Both approaches demand an additional component: developing local sources of funding. The willingness of individuals, corporations, and the public sector to participate in the long term funding of their country’s own research and analytical capacity is fundamental for the sustainability of any such intervention. This is the exit strategy that taxpayers in all donor countries should be demanding to see upfront. Even if the organisations supported were to develop into world class research centres their good work and contribution could come to a sudden end without the emergence of domestic funding.
East European and Latin American think tanks are waking up to the realisation that the days of secure funding are over. The withdrawal of funds from their traditional donors, however, has not been matched with an increase in equivalent domestic funding. In Latin America, many of the best think tanks have had to turn to consultancy work with large corporations in the extractive industries as well as contracts with their governments. Both are profitable options but greatly limiting of their mandates as organisations purporting to work in the public interest. In Eastern Europe, some think tanks are becoming contractors to the EU with similar consequences.
New and future philanthropists and public funders need specific competences, too: funding independent think tank is not the same as buying a service; sitting on the board of one is not exactly the same as sitting on the board of a for-profit firm; fundraising on behalf of them is not like fundraising for a start-up; etc. To begin with, they need an appreciation of the value of research and an understanding of the research process. And secondly, they need to practice and learn in the process: from a few tens of thousands of dollars to a few million.
Again, the two options discussed above offer alternative approaches:
- In the first case, a fourth component working specifically to mobilise domestic funds could be set up. This could involve working to improve legislation that may be hindering philanthropic donations or more constructive public support. It could involve identifying philanthropic networks, mentoring future philanthropists, establishing partnerships with research councils in donor countries to support the formation or strengthening of local versions, etc.

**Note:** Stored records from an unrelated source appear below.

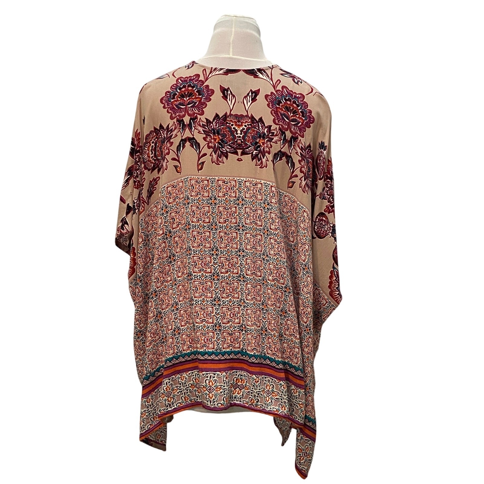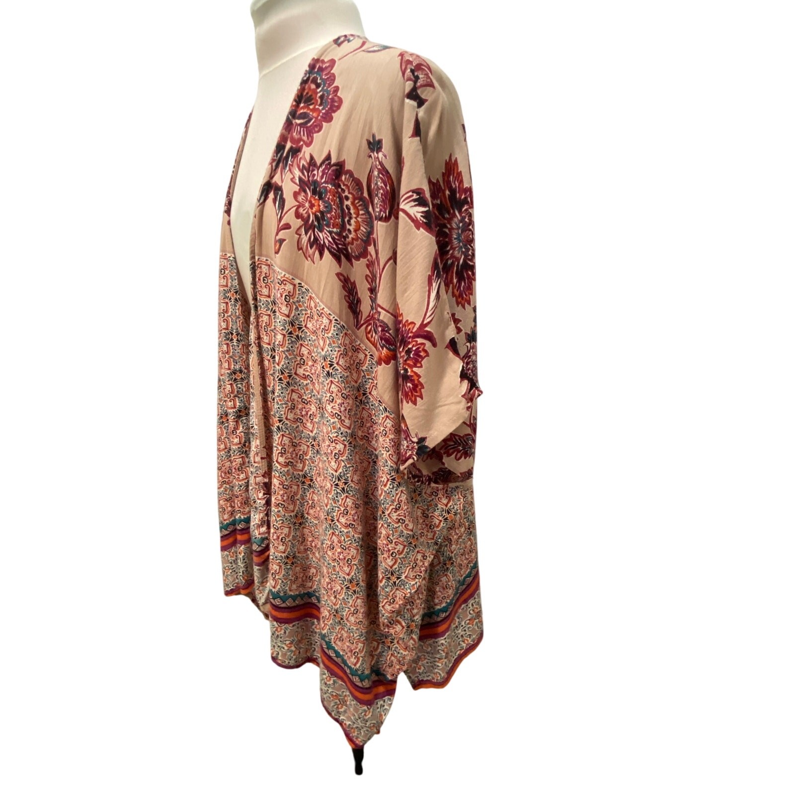 как выглядит ANGIE Mauve Short Sleeve Kimono Mixed Print MEDIUM Flowy Boho Bohemian Hippie фото
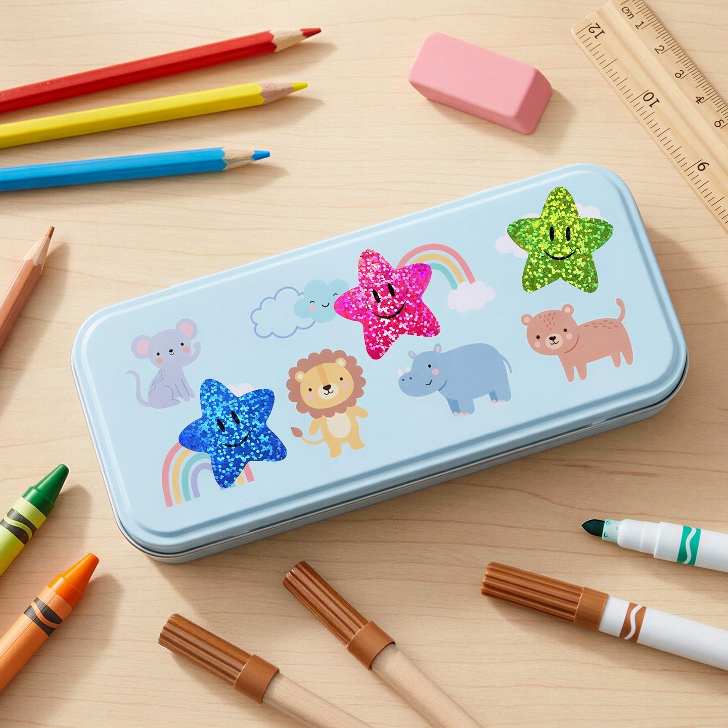 Wrapables 1.5 Inch Holographic Glitter Sticker Roll, for Sealing Envelopes, Gift Boxes, Journal, Party Decor and Supplies (500pcs), Smiling Stars
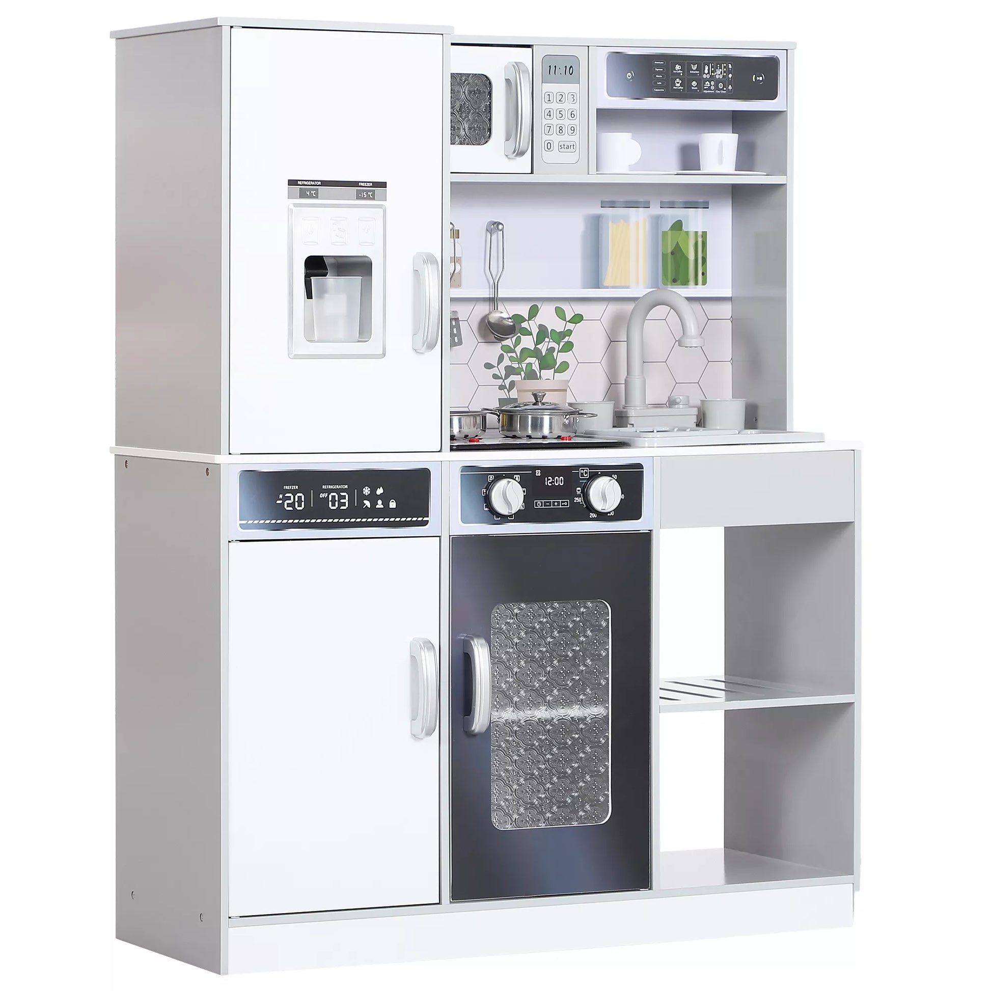Žaislinės virtuvėlės rinkinys su nerūdijančio plieno indų rinkiniu, virykle, kriaukle su vandens cirkuliacijos sistema, šviesos ir garso efektais, balta
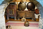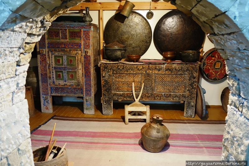 Здесь есть ларь для муки, огромный деревянный сундук для хранения зерна, молотильные доски для отделения зерна от колосьев, веялки, сеялки и тому подобные. На втором этаже воссоздана обстановка жилой комнаты, в которой нужные в хозяйстве предметы висят на стенах или стоят на полках. Большинство этих изделий – работа местных мастеров, много экспонатов выполнены из дерева. Есть, например, деревянные подносы, на которых месили тесто, а обратную сторону украшали резьбой и инкрустировали зеркалами. А вот гончарным ремеслом гунибцы не занимались, так как их глина не годилась для этого. Керамику привозили из признанных гончарных центров – Балхара, Сулевкента и Дербента.
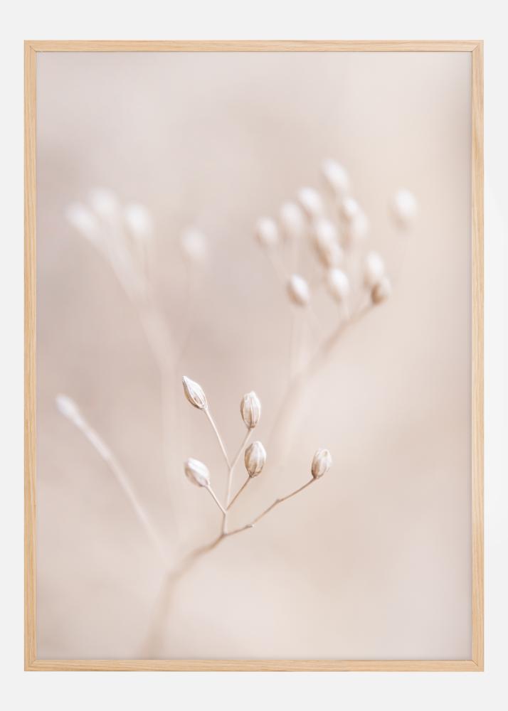 Този постер улавя красотата на простотата с близък фотографски кадър на слама и пъпки в мек бежов тон. Разфокусираната заднина придава съновиден характер и изтъква деликатната структура на сламата и фините детайли на пъпките. Това е почит към тихата елегантност на природата и носи усещане за спокойствие и топлина.
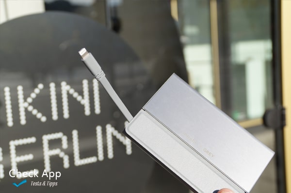 Zwei Kabel sind ausklappbar unter einer Lederklappe versteckt: ein Lightning- als auch über ein USB-Kabel. Das eine dient dazu, alle Apple Geräte mit dem aktuellen Anschluss aufzuladen, das andere dazu, die Powerbank am Netz zu erfrischen. Der SmartSense-Schaltkreis sorge dafür, dass man die Powerbank nutzen und gleichzeitig aufladen kann. Das ist wohl nur dann relevant, wenn man nur einen Adapterstecker dabei hat. Beide Kabel sind recht kurz, in Flachbandausführung und drehbar gelagert. Über ihnen verschließt sich die Klappe magnetisch. Diese besteht trotz der Optik mit Narben auf der Oberfläche und weicher Innenseite nicht aus tierischer Haut, sondern aus „veganem Leder“ wie der Hersteller schreibt. Also einem künstlichen Stoff.
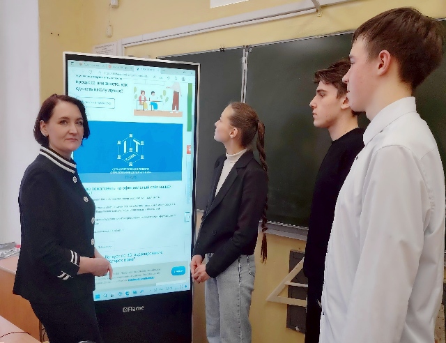 Школьники показали депутату огромную, в рост человека сенсорную панель с выведенной на неё информацией. Вместе с ними Светлана Карташева протестировала комплекс, оснащённый простым и удобным интерфейсом.
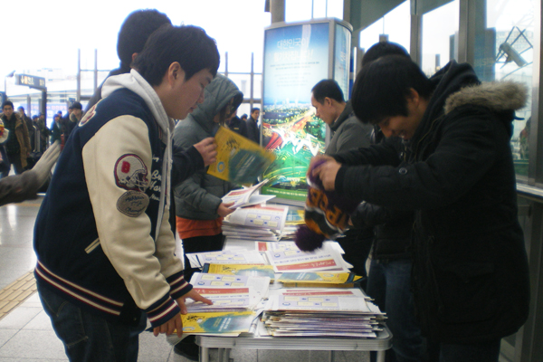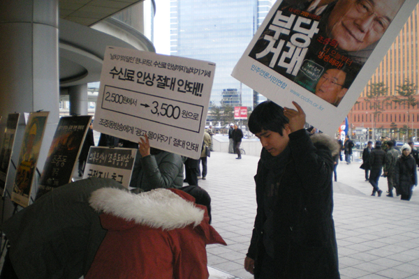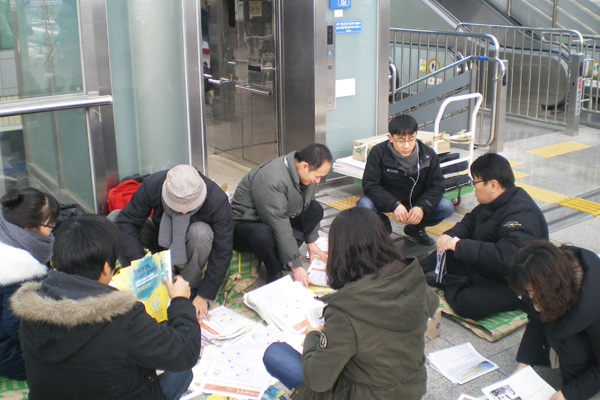 우리단체는 설 연휴 시작인 1월 20일 서울역에서 <설귀향 선전전>을 벌였습니다. 누더기 미디어렙법 재논의+수신료인상 반대+한미 FTA 폐기+KTX 민영화 반대+반값등록금에 대해 알리는 <시민과언론 특별판 14호>를 제작해 배포했습니다.

- In the second approach, the appreciation of research and its value would be developed alongside other interests as part of a comprehensive education.
Once more I appear to be supporting efforts to pay less attention to think tanks themselves and far more to developing the basic competencies that any society would need to define its own future. Think tanks, if necessary, will evolve out of the natural interaction of knowledge, politics, and money.
The good news is that the long term approach targeting the critical thinking capacity of a growing professional elite works. And we have many more examples of how to do it right.